**PROBLEM DESCRIPTION**: Please look for the string "Ilha" below and report every line in which it occurs.

**RECORDS SHOWN**:
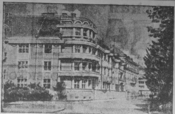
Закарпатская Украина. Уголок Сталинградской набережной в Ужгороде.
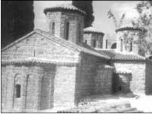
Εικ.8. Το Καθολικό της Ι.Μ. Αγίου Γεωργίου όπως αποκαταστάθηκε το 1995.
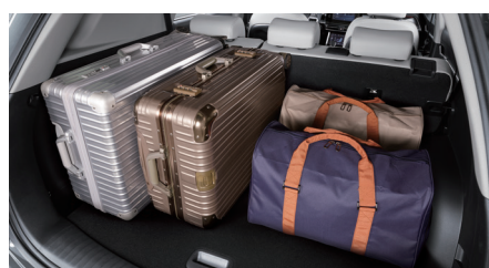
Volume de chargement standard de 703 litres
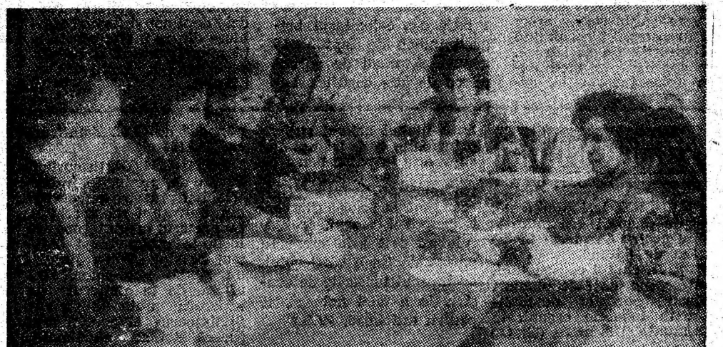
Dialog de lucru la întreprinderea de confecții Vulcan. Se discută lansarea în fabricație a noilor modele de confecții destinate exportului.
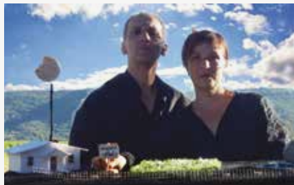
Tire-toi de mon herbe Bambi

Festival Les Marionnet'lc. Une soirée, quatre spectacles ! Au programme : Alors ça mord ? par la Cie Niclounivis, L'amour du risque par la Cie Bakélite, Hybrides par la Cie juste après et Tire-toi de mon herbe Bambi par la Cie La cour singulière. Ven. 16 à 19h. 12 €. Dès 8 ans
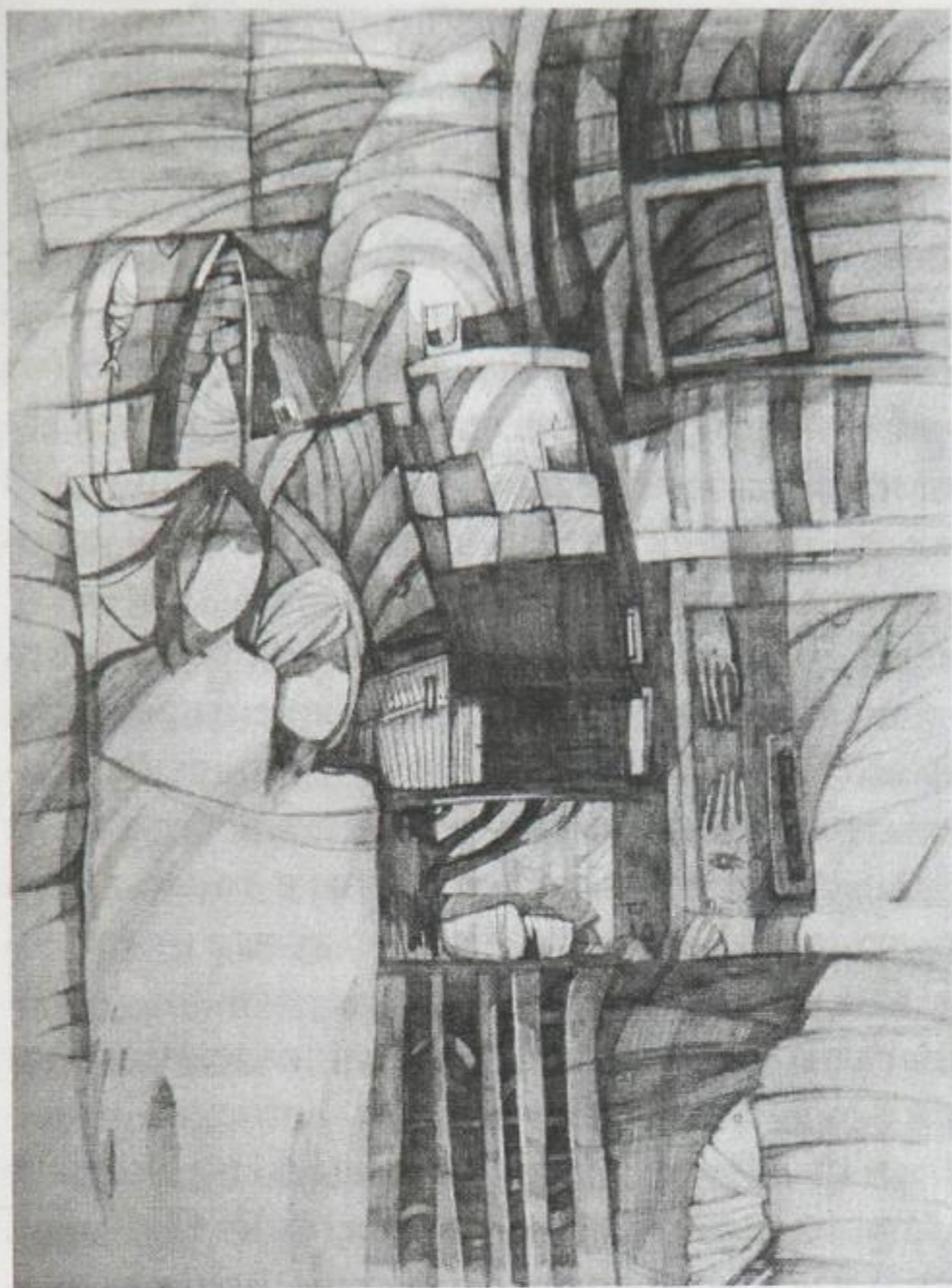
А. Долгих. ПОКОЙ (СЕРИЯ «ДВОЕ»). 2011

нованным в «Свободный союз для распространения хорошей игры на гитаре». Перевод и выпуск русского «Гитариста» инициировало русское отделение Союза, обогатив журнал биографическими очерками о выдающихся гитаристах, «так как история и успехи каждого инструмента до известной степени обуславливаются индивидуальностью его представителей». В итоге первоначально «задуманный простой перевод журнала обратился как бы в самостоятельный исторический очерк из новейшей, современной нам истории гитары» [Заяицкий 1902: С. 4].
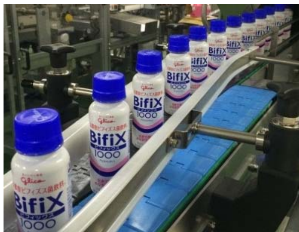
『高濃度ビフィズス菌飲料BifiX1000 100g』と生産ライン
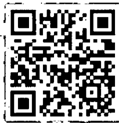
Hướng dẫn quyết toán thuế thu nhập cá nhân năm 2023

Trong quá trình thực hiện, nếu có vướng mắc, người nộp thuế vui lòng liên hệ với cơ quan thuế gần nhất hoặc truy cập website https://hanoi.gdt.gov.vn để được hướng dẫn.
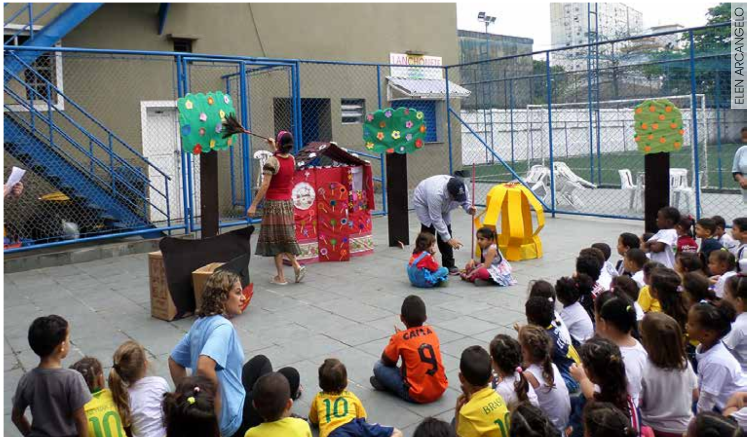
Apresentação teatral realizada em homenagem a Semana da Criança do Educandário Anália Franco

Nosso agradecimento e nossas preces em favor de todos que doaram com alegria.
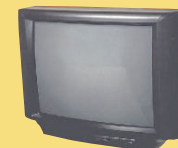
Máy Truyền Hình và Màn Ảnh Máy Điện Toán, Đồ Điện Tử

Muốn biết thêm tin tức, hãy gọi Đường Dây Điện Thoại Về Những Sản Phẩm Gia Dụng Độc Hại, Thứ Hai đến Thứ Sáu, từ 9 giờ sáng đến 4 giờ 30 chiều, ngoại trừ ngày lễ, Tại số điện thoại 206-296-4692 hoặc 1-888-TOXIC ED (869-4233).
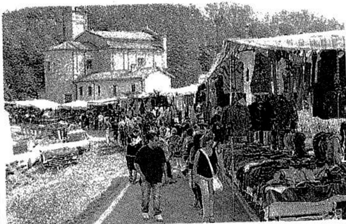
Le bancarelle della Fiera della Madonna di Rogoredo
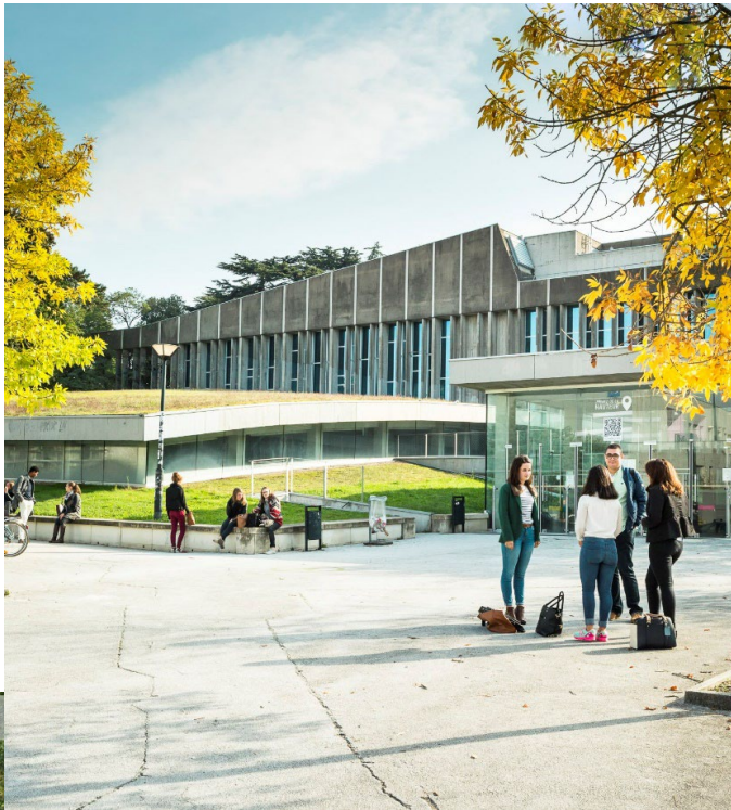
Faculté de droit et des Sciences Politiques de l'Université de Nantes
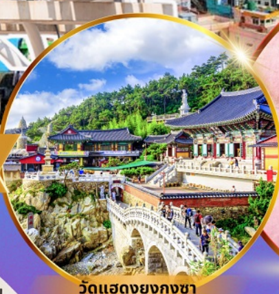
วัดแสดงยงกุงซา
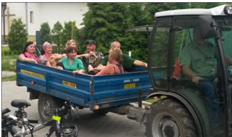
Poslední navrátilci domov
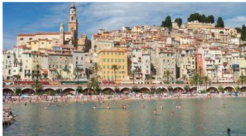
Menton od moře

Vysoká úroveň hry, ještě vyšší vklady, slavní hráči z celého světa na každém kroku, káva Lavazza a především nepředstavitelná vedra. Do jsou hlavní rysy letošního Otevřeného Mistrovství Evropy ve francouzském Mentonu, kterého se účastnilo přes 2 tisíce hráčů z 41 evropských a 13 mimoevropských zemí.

* * *

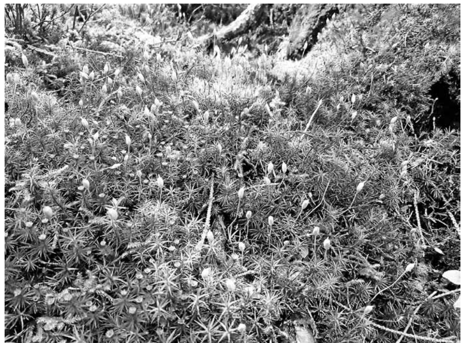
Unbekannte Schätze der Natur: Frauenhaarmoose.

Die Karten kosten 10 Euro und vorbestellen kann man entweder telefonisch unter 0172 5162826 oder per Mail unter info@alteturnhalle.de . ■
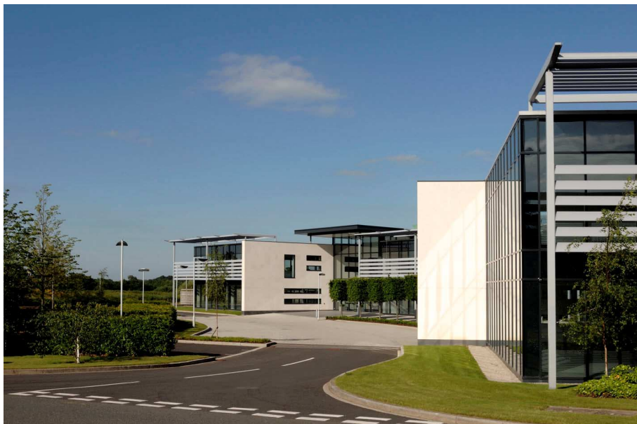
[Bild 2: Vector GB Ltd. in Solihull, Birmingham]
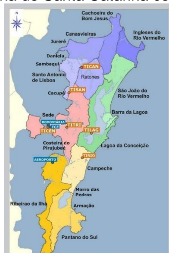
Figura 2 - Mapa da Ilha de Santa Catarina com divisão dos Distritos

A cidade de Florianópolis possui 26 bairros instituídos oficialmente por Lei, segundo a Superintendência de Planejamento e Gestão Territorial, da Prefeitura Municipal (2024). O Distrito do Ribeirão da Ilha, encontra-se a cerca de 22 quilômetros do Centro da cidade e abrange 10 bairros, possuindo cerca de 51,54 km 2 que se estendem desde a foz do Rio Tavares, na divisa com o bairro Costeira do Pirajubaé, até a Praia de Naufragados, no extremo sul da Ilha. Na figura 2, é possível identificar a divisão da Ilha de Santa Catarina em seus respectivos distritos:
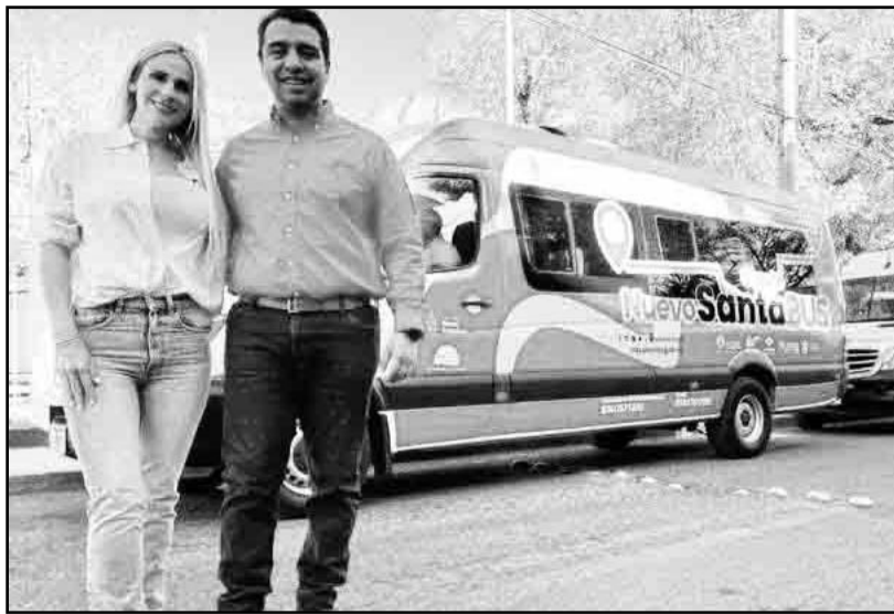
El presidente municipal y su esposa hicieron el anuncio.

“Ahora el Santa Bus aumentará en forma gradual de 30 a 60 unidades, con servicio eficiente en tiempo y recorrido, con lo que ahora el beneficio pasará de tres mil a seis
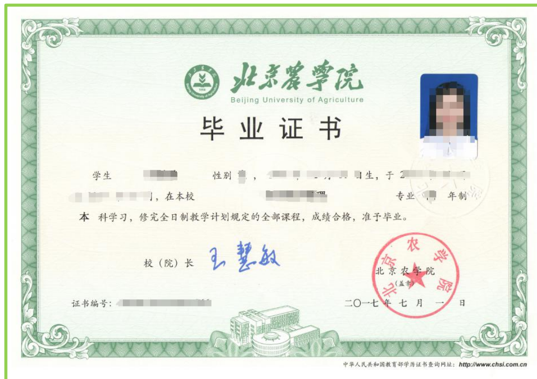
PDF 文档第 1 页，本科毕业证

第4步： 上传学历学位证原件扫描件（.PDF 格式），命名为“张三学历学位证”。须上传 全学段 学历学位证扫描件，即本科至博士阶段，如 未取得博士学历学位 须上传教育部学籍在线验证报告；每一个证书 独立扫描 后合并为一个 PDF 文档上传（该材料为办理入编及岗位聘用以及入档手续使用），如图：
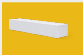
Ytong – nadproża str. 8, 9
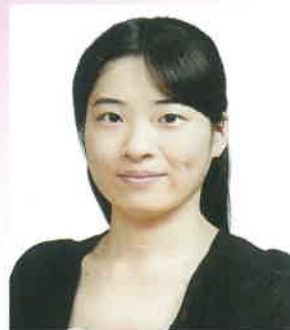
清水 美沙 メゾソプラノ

**EXPECTED ANSWER**:
Figura 2 - Mapa da Ilha de Santa Catarina com divisão dos Distritos
A cidade de Florianópolis possui 26 bairros instituídos oficialmente por Lei, segundo a Superintendência de Planejamento e Gestão Territorial, da Prefeitura Municipal (2024). O Distrito do Ribeirão da Ilha, encontra-se a cerca de 22 quilômetros do Centro da cidade e abrange 10 bairros, possuindo cerca de 51,54 km 2 que se estendem desde a foz do Rio Tavares, na divisa com o bairro Costeira do Pirajubaé, até a Praia de Naufragados, no extremo sul da Ilha. Na figura 2, é possível identificar a divisão da Ilha de Santa Catarina em seus respectivos distritos:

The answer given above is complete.